Une demi-douzaine de caricatures illustraient le rapport, le travail de certains des caricaturistes politiques canadiens les plus connus de l’époque, dont Jack Boothe du Globe and Mail, Les Callan du Toronto Star, Gordie Moore du Montreal Gazette et Bob Chambers du Halifax Chronicle-Herald. Dans la plupart des cas, les caricatures avaient été dessinées spécialement pour cette publication; une caricature, celle du caricaturiste Arch Dale du Winnipeg Free Press, illustre le « témoignage » de la commission et se moque des propres lacunes du caricaturiste. Après la mort de Dale, Peter Kuch, un protégé de Dale, raconte que le caricaturiste lui demandait souvent d’« esquisser » le visage de George Drew dans ses caricatures. Dans sa caricature pour le Report, Dale décrit un caricaturiste, qui est un gros buveur, devenant de plus en plus frustré parce que, comme le fait observer un petit chien dans le coin, « he can’t draw Drew! » (il n’est pas capable de dessiner Drew!).
À l’instar de certains rapports de commission royale, le Report of the Royal Commission to Investigate the Proposal that Parliament be Abolished était éphémère et a vite été oublié. Seulement quelques exemplaires existent encore. Deux exemplaires se trouvent à Bibliothèque et Archives Canada, et il y en a un à la Thomas Fisher Rare Book Library de l’Université de Toronto. Il y en a sans doute quelques autres qui ramassent de la poussière dans des greniers privés et des sous-sols.

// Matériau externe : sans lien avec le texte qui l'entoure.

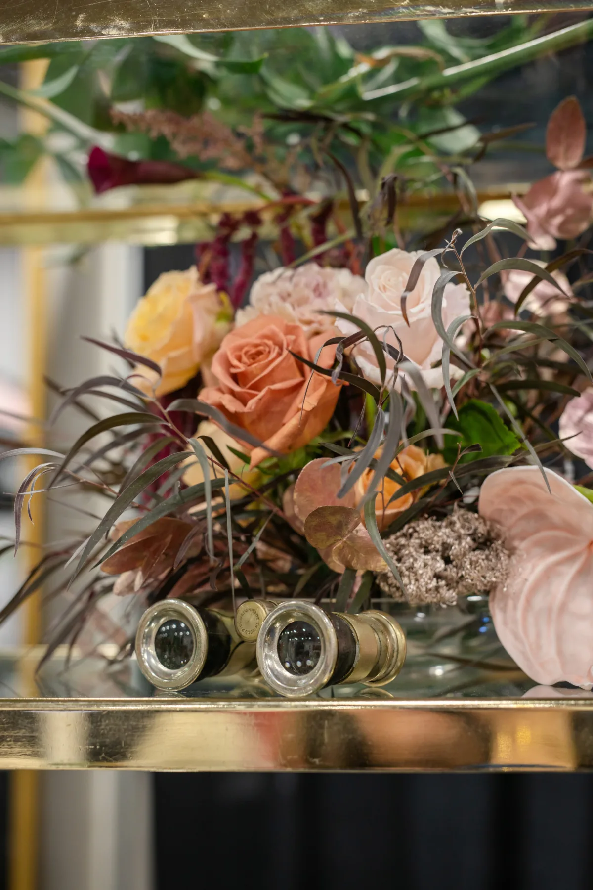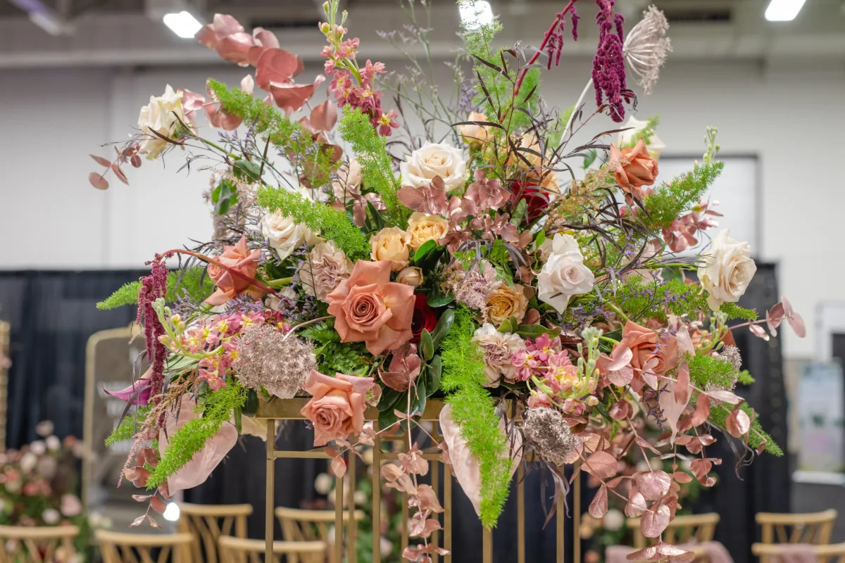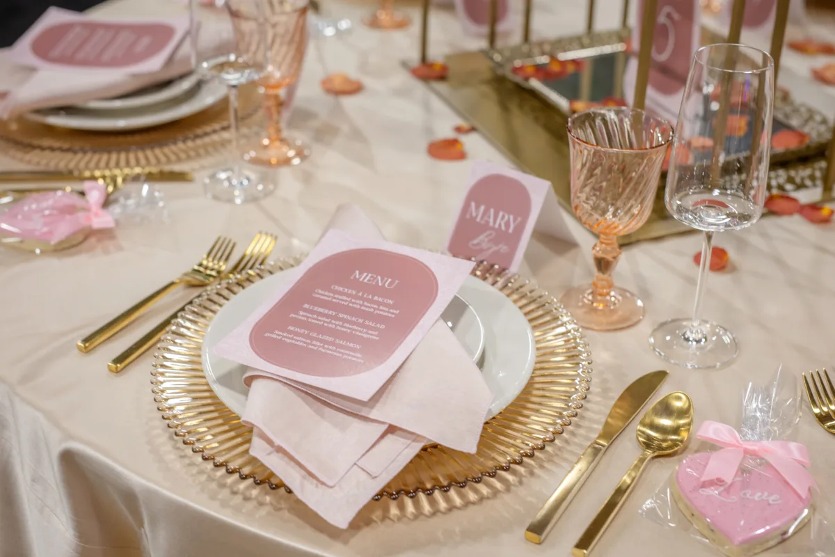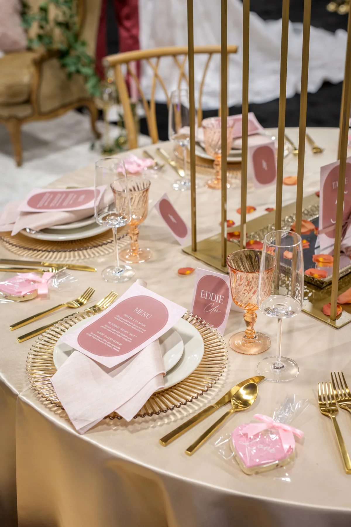 A towering tablescape was a must. Cosmic Gardens provided the florals for the scape, beginning with a grand centerpiece. Blooms and greenery included roses, amaranthus, anthurium, snapdragons, crawling greenery, and painted eucalyptus. The centerpiece was surrounded by clear and tinted crystal glassware, crimped-edge chargers, white plating, gold silverware, and champagne and blush satin linens. Event Essentials and Velvet Rentals provided rental pieces throughout the design.
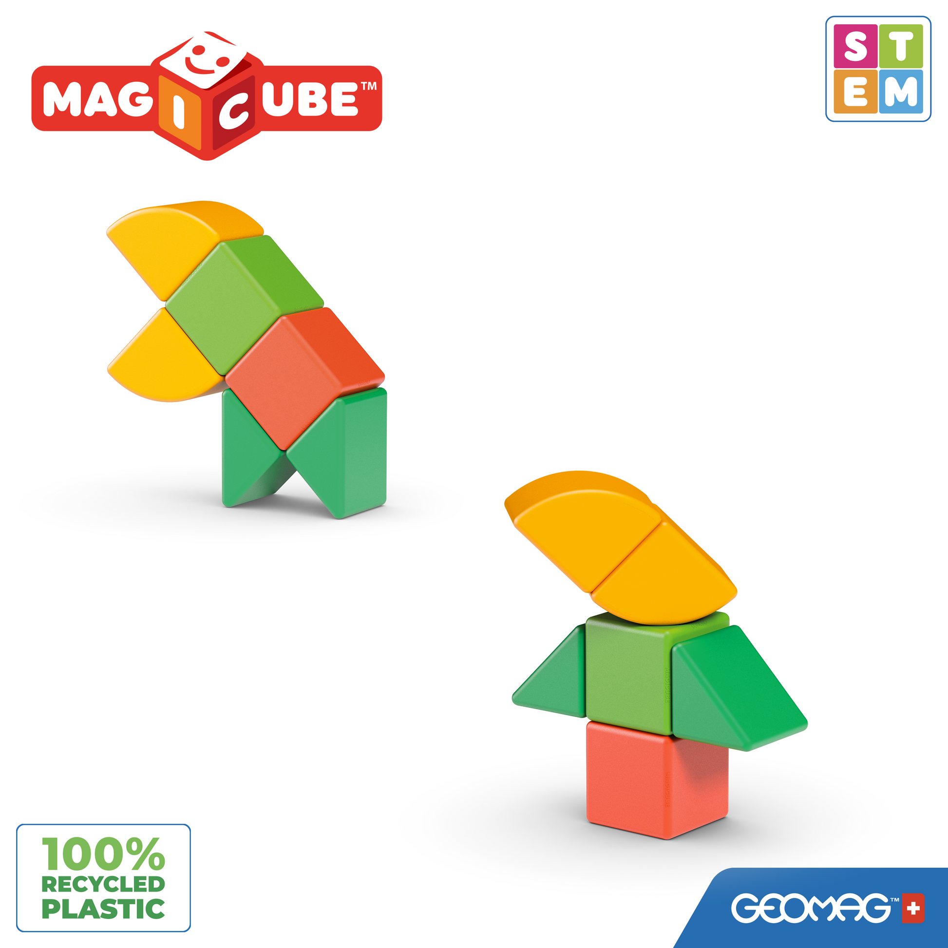 Made with 100% recycled plastic, Magicube Shapes magnetic building will allow your toddler to build different shapes, color combinations and 3D structures using Geomag Magicubes that are uniquely designed to connect on all sides. Includes four block shapes allowing toddlers to build a large assortment of construction projects! Early STEM.org authenticated Magicubes help in the development of creativity, fine motor skills in addition to stimulating imaginative play and curiosity through the science of magnetic construction.

En fin de compte, la commission a accordé au Parlement un sursis, assorti de conditions. Les commissaires « disrespectfully submitted » (ont proposé irrespectueusement) que la Chambre des communes soit redécorée avec « a boulevard café motif at afternoon sittings » (un motif de boulevard café lors des séances de l’après-midi) et le soir avec « seats arranged cabaret fashion » (des sièges disposés comme dans un cabaret). Il va sans dire que personne n’a encore donné suite à ces recommandations. Il est peut-être encore temps de les intégrer aux plans de l’édifice du Centre nouvellement rénové.